- _TASK GOAL_
Skip the pictures. Quote every line below, exactly, from the one with "他の画像を見る マルヴァジア・ローザとピノのユニークな味わい セミクロマ" through the final line.
** DATASET CONTENT follows **
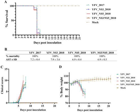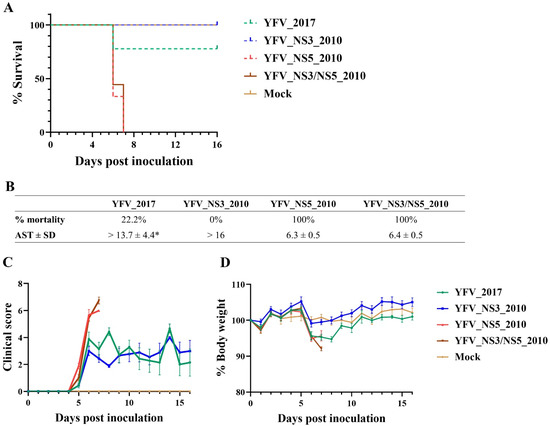 Infection in AG129 mice with yellow fever clone-derived viruses. (A) Kaplan–Meier survival curves of each virus. (B) Table summarizing the survival curves results (AST: Average Survival Time; SD: Standard Deviation). (C) Mean of clinical scores and (D) mean of percentage body weight presented by each group of infected mice. All analyses were performed in Prism, version 8(GraphPad Software, San Diego, California, USA. * p < 0.1.
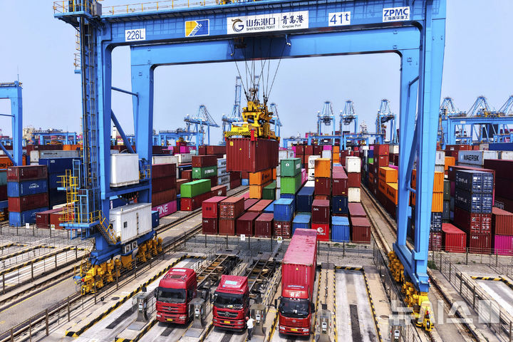 [칭다오=AP/뉴시스] 중국 산둥성 칭다오항 컨테이너 부두에서 선적작업을 하고 있다. 자료사진. 2025.05.26 |
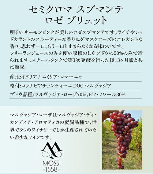他の画像を見る マルヴァジア・ローザとピノのユニークな味わい セミクロマ スプマンテ ロゼ ブリュット MOSSI 1558 750ml 辛口 イタリア エミリア ロマーニャ スパークリングワイン 浜運A ワインよりどり3本以上5%OFF ワインよりどり6本以上10%OFF ¥ 2,750 税込 お気に入りに登録する
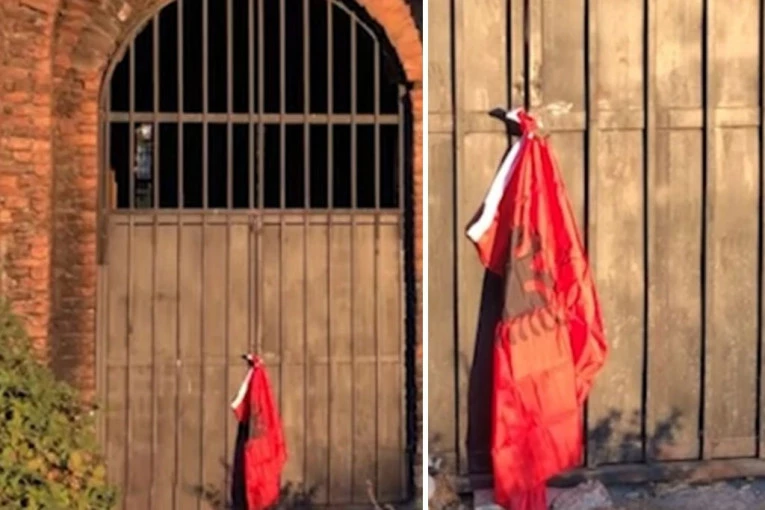 Zastava Albanije okačena je na vratima Hrama Hrista Spasa u Prištini, javlja RTS.
** End of DATASET CONTENT **
- _OUTPUT FOR THIS TASK_
他の画像を見る マルヴァジア・ローザとピノのユニークな味わい セミクロマ スプマンテ ロゼ ブリュット MOSSI 1558 750ml 辛口 イタリア エミリア ロマーニャ スパークリングワイン 浜運A ワインよりどり3本以上5%OFF ワインよりどり6本以上10%OFF ¥ 2,750 税込 お気に入りに登録する
 Zastava Albanije okačena je na vratima Hrama Hrista Spasa u Prištini, javlja RTS.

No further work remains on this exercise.